• Why I’m struggling with learning Azure Synapse

    So, for 2023 I’ve decided that I want to learn Azure Synapse. I want to be able to make training content on it by the end of the year. I’d like to be able to consult on it in two years. And right now, I am absolutely banging my head against the learning curve. Let’s talk about why.

    The integration problem

    Occasionally, I’ll describe Power BI as “3 raccoons in a trench coat: PowerQuery, DAX, and visuals”. What I mean by that is it is 3 separate products masquerading as a single, perfectly cohesive  product. Each of those pieces started out as separate Excel add-ins, and then were later combined into a single product. And it shows.

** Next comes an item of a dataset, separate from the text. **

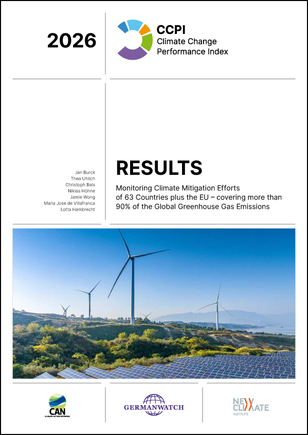 Der von Germanwatch und NewClimate Institute veröffentlichte Klimaschutz-Index (Climate Change Performance Index, CCPI) ist eine Rangliste von 63 Ländern plus EU gesamt, die zusammen für mehr als 90 Prozent der weltweiten Treibhausgasemissionen verantwortlich sind. Fortschritte im Klimaschutz sind zehn Jahre nach dem Pariser Klimaabkommen deutlich sichtbar, jedoch ist das Tempo zu langsam. Deutschland steht mit schwächster Platzierung seit sechs Jahren auf Rang 22 und Russland, die USA, Saudi-Arabien und Iran stehen ganz unten.

    The team at Microsoft have done a great job of smoothing out the rough edges, but you still occasionally run into situations where the integration isn’t perfect. A simple example is where should I create my date tables in Power BI? Should I use M or DAX? The answer is either! Both of them have good tooling for it. Because these tools evolved separately, there’s going to be some overlap and there’s going to be some gaps.

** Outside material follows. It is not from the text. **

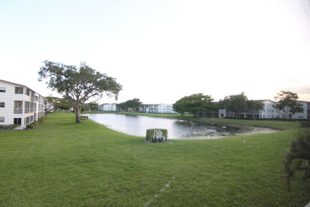 Amazing condo 1 bedroom and 1.5 baths with a long screened balcony overlooking the garden and lake. Ceramic floors throughout the property. Updated kitchen and bathrooms. A designated storage room. Elevator in the building. Common laundry room on each floor. A community pool. Century Village 55 community. Amenities include: walkway throughout the complex. The Clubhouse has a full gym, theater, pools, ping pong tables, card room, bingo, tennis courts, jacuzzi, shows, classes, clubs, library, meeting rooms, party room, fitness center, billiard room, and more. Free bus service inside the community and outside to the shops and various routes. Maintenance includes: water, cable, internet, exterior insurance, community pool. No pets. Schedule your appointment. 55+

    Azure in general (and Synapse in particular) has this problem. If Power BI is 3 raccoons in a trench coat, Synapse is 10 of them wobbling from side to side. The power of the cloud is that Microsoft can quickly iterate and provide targeted tooling for specific needs. If a tool is unpopular or unsuccessful, like Azure Data Catalog, Microsoft can build a replacement, like Azure Purview.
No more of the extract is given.